SocraticGadfly: Dem Debate quick thoughts, mainly on Bloomberg, bit on Bernie

February 19, 2020

Dem Debate quick thoughts, mainly on Bloomberg, bit on Bernie

For a man who so calculatingly delayed his entry into the race (he did plan this, bet on it) Bloomberg sure wasn't prepared for oppo research hitting him this quickly and this hard.

And he's sure been thin-skinned about it. This and more showed up in the Las Vegas debate. Politico has a decent summary.

But this isn't just MiniMike. The Donald is the same way. Ross is Boss Perot was the same, too.

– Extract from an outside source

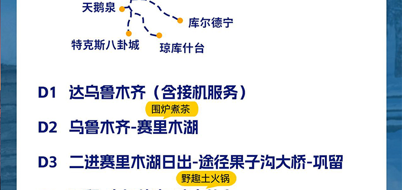 早餐后乘车前往【库尔德宁】(游玩时间约4H)冬天的库尔德宁像一首被雪藏起来的静谧童话。这里是中国最大的雪岭云杉原生地,冬日里,万千云杉披覆着厚厚积雪,如同无数披着白色斗篷的巨人,静默地伫立在绵延的山峦之间。雪是绝对的主宰,它温柔地抹平了草原的所有轮廓,将河谷、草甸、森林都纳入一片无瑕的纯白绒毯之下。空气清冷彻骨,却异常通透,唯有炊烟般的寒雾在林间慢悠悠地飘荡。冰封的巩乃斯河化作一条蜿蜒的玉带,偶尔在冰面下传来细微的潺潺水声,是这片沉睡世界里唯一的心跳。时间在这里仿佛被冻结,只剩下脚步踩碎积雪的“嘎吱”声,以及被惊起的寒鸦振翅时,抖落枝头一簌簌晶莹的雪沫。后前往【琼库什台】(游玩时间约2H),当日头西沉,最后一抹金色的阳光如同温柔的画笔,轻轻掠过琼库什台连绵的雪原,为纯白的世界镀上了一圈琥珀色的光晕。巍峨的雪山仿佛被点燃,呈现出短暂的、瑰丽的“日照金山”奇观。木屋的炊烟袅袅升起,笔直地融入清冷的空气中,整个世界慢了下来,静得能听见雪落松枝的簌簌声。赠送【野趣土火锅】 这不仅仅是晚餐,更是寒冷中最隆重的款待。铜锅里,汤汁咕嘟咕嘟地翻滚,浓郁的香气瞬间驱散了周身最后一丝寒意。

It's the CEO syndrome. Corporate heads get largely insulated from criticism by servile boards and on-demand corporate PR staff. They forget about two big things: The media, and two other branches of state or federal government. Trump has gotten enough fawningness from GOP legiscritters that unconstitutional things like his misprision of funds on the fall for which Dems refused to impeach gets covered over by them, too. The third branch? On this, in the American federal judiciary system, the wheels of justice aren't even grinding slowly. To show my age, they're like a 78 rpm record played on the old 16 rpm speed. (Yes, more than 33s and 45s existed at one time, folks.) Compounding the problem is that the Supreme Court, IMO, not only could but should be exercising original review on a lot of these issues and refuses to do so.

Anyway, Bloomberg got some hard hits and didn't take them well.

Bernie? His health probably is good. But, the non-disclosure makes him look like a backtracker. That's because he IS a backtracker on previous pledges, stanners. Just own up and admit it was a gaffe by Bernie, because it was. Now, how he gets off this hook, other than simply saying that the doctors' statements he's offered have met the bar of transparency and moving on, I don't know.

Back to Bloomberg, speaking of backtracking. Five bucks says he doesn't release his back taxes before the April 15 IRS filing deadline. That, too, will be calculated, not because a billionaire can't pay salaried accountants and tax attorneys to work enough overtime to make it so.